We just did bac ha – tan quang via vinh quang and simacai, the road was not very good but so beautiful! We hoped to go as far as ha giang but it will be for tomorrow! 140 km of small mountain road for 2 on a 125… Our butts said stop!!
We will then continue with Dong Van Meo Vac, then maybe Babe, but I am not sure that the Babe-Lao Cai return will be nice…

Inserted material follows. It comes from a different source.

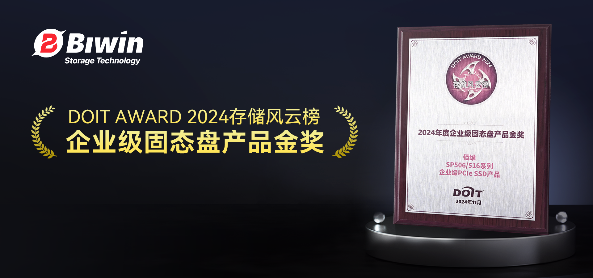 在會議同期揭曉的DOIT AWARD 2024存儲風(fēng)云榜上,匯集存儲產(chǎn)業(yè)具有突破性和代表性的優(yōu)秀產(chǎn)品與解決方案。佰維SP506/516系列企業(yè)級PCle5.0 SSD產(chǎn)品榮獲“2024年度企業(yè)級固態(tài)盤產(chǎn)品金獎”。

In any case, we are enjoying ourselves (eyes and stomach!). Thanks for your site
Roman
Hi! Too bad I haven't written all my articles yet! But for your information, just before arriving in Dong Van there is a nice visit to make, an old building, former home of a local tribal chief, the Dinh Vua Mèo.
You are still at the beginning, the sore buttocks after 1000 km were almost unpleasant, I had to take breaks every 20 km...
On the other hand, we clearly didn't enjoy ourselves... just noodles and rice, basically Pho or Com... it's boring and lacks taste, only in Vinh Quang did we eat well.
Have a good trip and thank you!
Camille
Hi Romain,
It all makes you dream…!!
I'm starting to prepare my one-month roadtrip in Vietnam and I'm very very tempted to do part of it on a motorbike... But the problem is that I've only driven scooters in Asia and I'm not a great pro... ^^ How are the roads in Vietnam? And do you think that if I embark on this motorbike adventure alone it's feasible?
Thanks in advance 😉
Roman
Hi Camille,
There is not much traffic so it is ok, to my knowledge, doing it on a scooter is doable if you don't feel like it with gears (it is semi-manual because there is no clutch so it never stalls), no reason not to do it alone, just study your route well to avoid getting lost and that's it 😉
Laurence
Hi Romain,
Thank you for sharing your experience with us, the photos and stories will be a dream! My husband and I are leaving for Vietnam at the end of October, do you think your motorbike trip is feasible in 7 nights + 1 night on the train? Otherwise, what can we "skip"? We really want to do it by motorbike because for once we are leaving without the children! I also wanted to ask you if you had reserved your motorbike on the internet (by the way, are there bigger engines? Maybe more comfortable?), without having to go to the agency before going to Tam Coc? In total, we will spend 10 nights in Vietnam, then 2 nights in Bangkok, a city that we loved during our vacation in 2008!
Thank you for answering me, have a nice day
Laurence
Roman
Hello,
Honestly it's limited, already over 15 days I would have liked to be able to cut a little more in order to avoid too long days. Over 7 days it would give something like:
Laoc Cai, Bac Ha, Vinh Quang, Ha Giang, Dong Van, Cao Bang and back to Hanoi, that would mean no visit to Tam Coc, no time to visit Hanoi or Sapa…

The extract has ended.